The normal constraint (NC) method [19] is an effective method in the literature that guarantees generating evenly distributed solutions over the entire Pareto front. The main idea of NC method is to use the utopia plane to approximate the true Pareto front such that a set of evenly distributed reference points on utopia plane would result to a set of evenly distributed solutions on Pareto front, after the projection along the normal vector of utopia plane. Here, utopia plane refers to the hyper plane determined by all the anchor points, each of which individually optimizes a single objective (e.g. y1 for y1-axis and y2 for y2-axis in Fig 3.a). However, the original NC method was developed on continuous solution space. In the case of IP, it can generate dominated solutions (see Fig 3.a) where point A is the solution generated using NC, but there exists a point B outside the shaded feasible region, dominating A. Therefore, we propose to combine the idea of utopia plane and the epsilon-constraint method such that all solutions are guaranteed to be non-dominant ones (see Fig 3.c).

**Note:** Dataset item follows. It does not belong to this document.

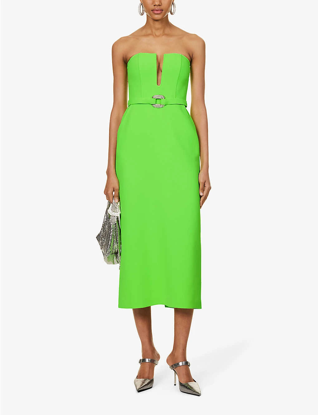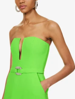 Strapless Buckle-embellished Stretch-woven Midi Dress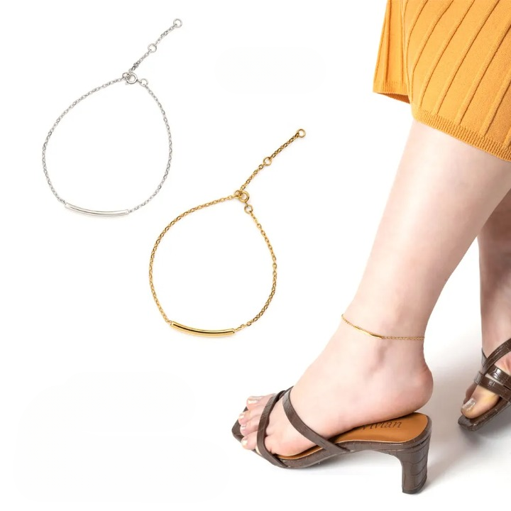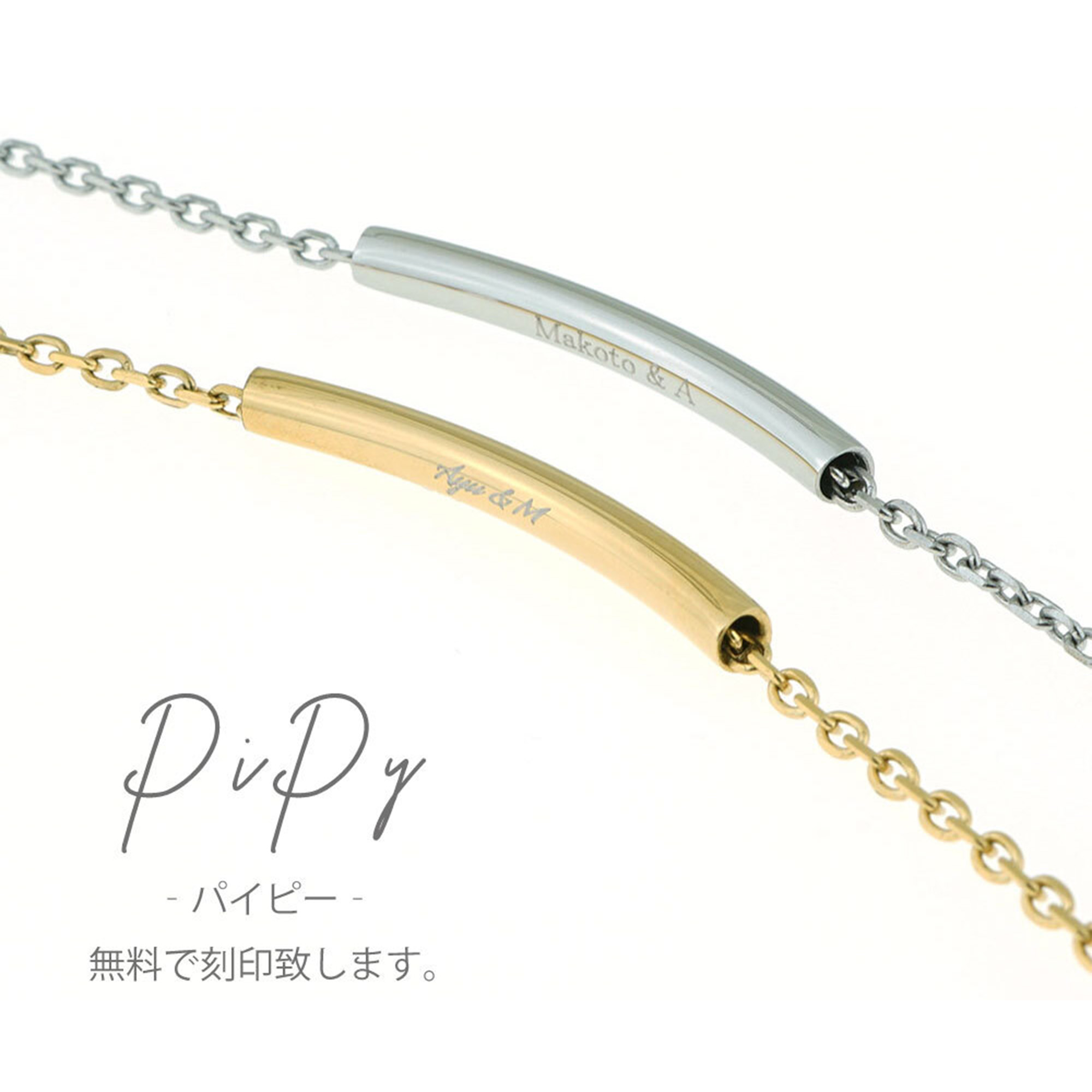 パイプモチーフのシンプルなアンクレット。いつも身に着けていられる、デイリーアクセサリーのパイピーシリーズです。お好きな言葉を、無料で刻印いたします。

Our proposed method consists of four main steps: 1) determine the utopia plane; 2) generate uniformly distributed reference points on the utopia plane; 3) for each reference point, use its (k-1) coordinates to constrain the (k-1) objectives; 4) optimize the k-th objective within the reduced solution space.
Repeat steps 2) to 4) to achieve the representative Pareto front. In step 2), we resort to the hit-and-run (H&R) method [18] to sample the reference points. Its principle is straightforward: let pt denote the current point then Pk+1= pk+ l×d is the next point, where d is a random direction vector and l is the random length of the jump. As a random-walk algorithm, H&R is proven to generate uniformly distributed points inside any polyhedron after a sufficient number of runs [18].
Note that an obvious alternative is to equally divide the Pareto front along each objective direction and then traverse each grid. However, it might not evenly cut the Pareto front and the computational efforts grow exponentially along the number of objectives.